Return the lines below exactly, from the first line to the line that contains "Dressed in a". Leave out pictures.

Dataset section:
========

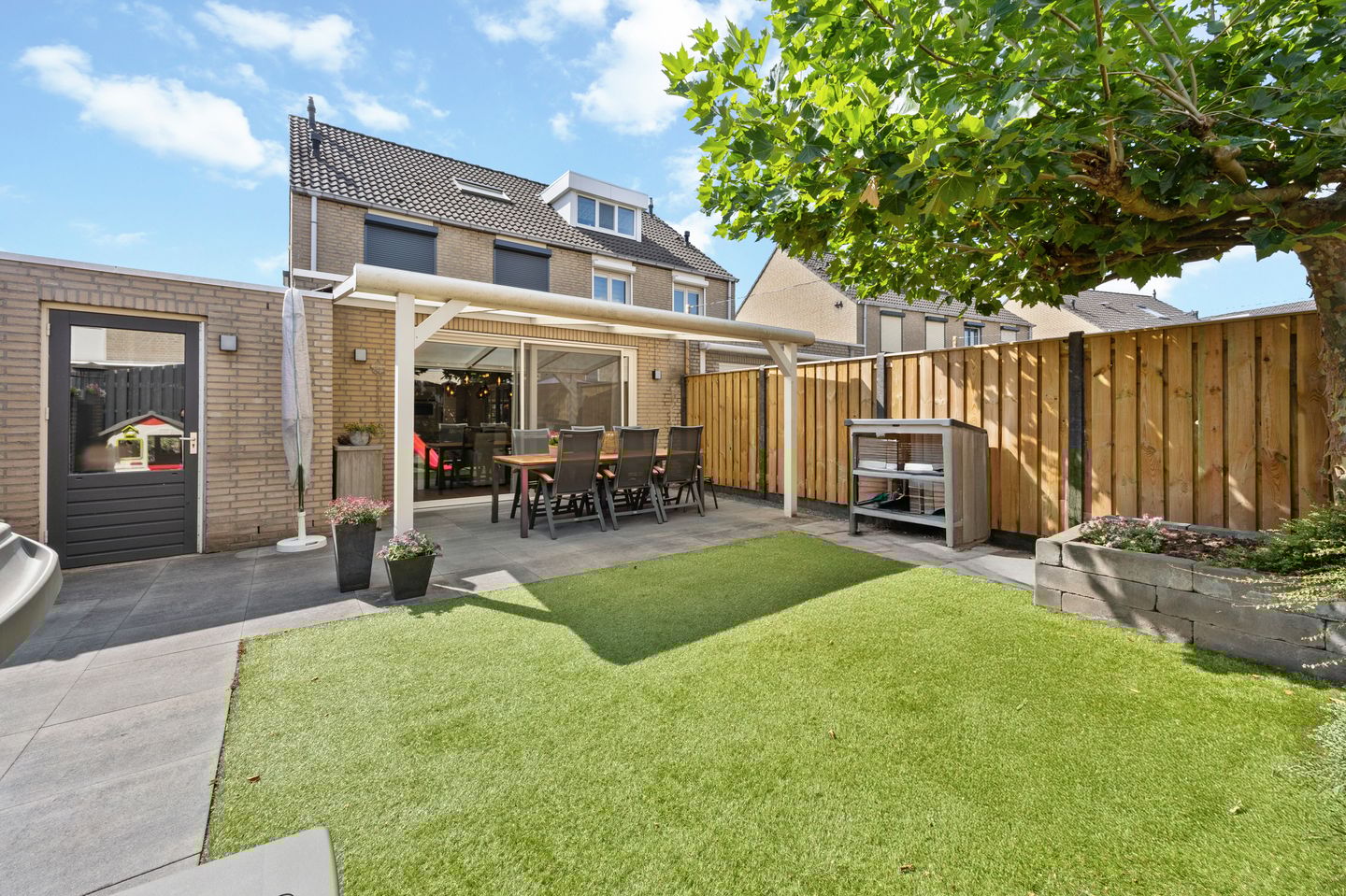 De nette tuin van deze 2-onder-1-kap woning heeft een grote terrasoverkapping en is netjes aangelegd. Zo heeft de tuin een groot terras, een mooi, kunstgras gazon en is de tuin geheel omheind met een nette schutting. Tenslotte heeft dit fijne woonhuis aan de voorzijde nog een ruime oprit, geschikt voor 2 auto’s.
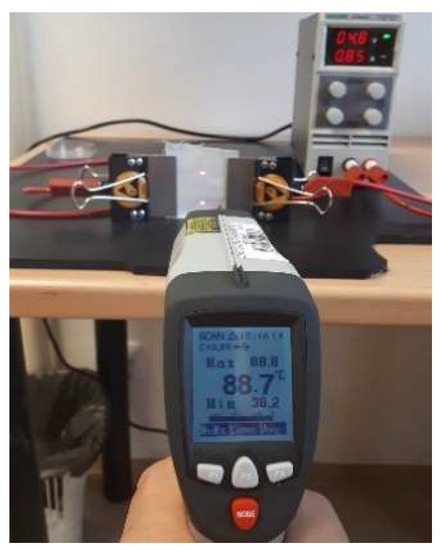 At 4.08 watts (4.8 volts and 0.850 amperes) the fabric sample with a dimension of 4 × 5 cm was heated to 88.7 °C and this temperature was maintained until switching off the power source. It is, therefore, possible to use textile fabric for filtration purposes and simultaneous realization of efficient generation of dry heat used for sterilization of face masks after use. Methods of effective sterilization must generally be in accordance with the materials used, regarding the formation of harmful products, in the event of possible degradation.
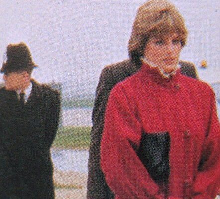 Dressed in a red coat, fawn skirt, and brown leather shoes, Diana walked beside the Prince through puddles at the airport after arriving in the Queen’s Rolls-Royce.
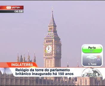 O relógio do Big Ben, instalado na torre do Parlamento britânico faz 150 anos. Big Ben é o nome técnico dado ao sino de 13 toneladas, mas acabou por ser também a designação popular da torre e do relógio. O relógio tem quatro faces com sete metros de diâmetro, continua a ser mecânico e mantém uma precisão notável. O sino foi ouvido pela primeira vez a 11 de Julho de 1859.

========

Written response:
 De nette tuin van deze 2-onder-1-kap woning heeft een grote terrasoverkapping en is netjes aangelegd. Zo heeft de tuin een groot terras, een mooi, kunstgras gazon en is de tuin geheel omheind met een nette schutting. Tenslotte heeft dit fijne woonhuis aan de voorzijde nog een ruime oprit, geschikt voor 2 auto’s.
 At 4.08 watts (4.8 volts and 0.850 amperes) the fabric sample with a dimension of 4 × 5 cm was heated to 88.7 °C and this temperature was maintained until switching off the power source. It is, therefore, possible to use textile fabric for filtration purposes and simultaneous realization of efficient generation of dry heat used for sterilization of face masks after use. Methods of effective sterilization must generally be in accordance with the materials used, regarding the formation of harmful products, in the event of possible degradation.
 Dressed in a red coat, fawn skirt, and brown leather shoes, Diana walked beside the Prince through puddles at the airport after arriving in the Queen’s Rolls-Royce.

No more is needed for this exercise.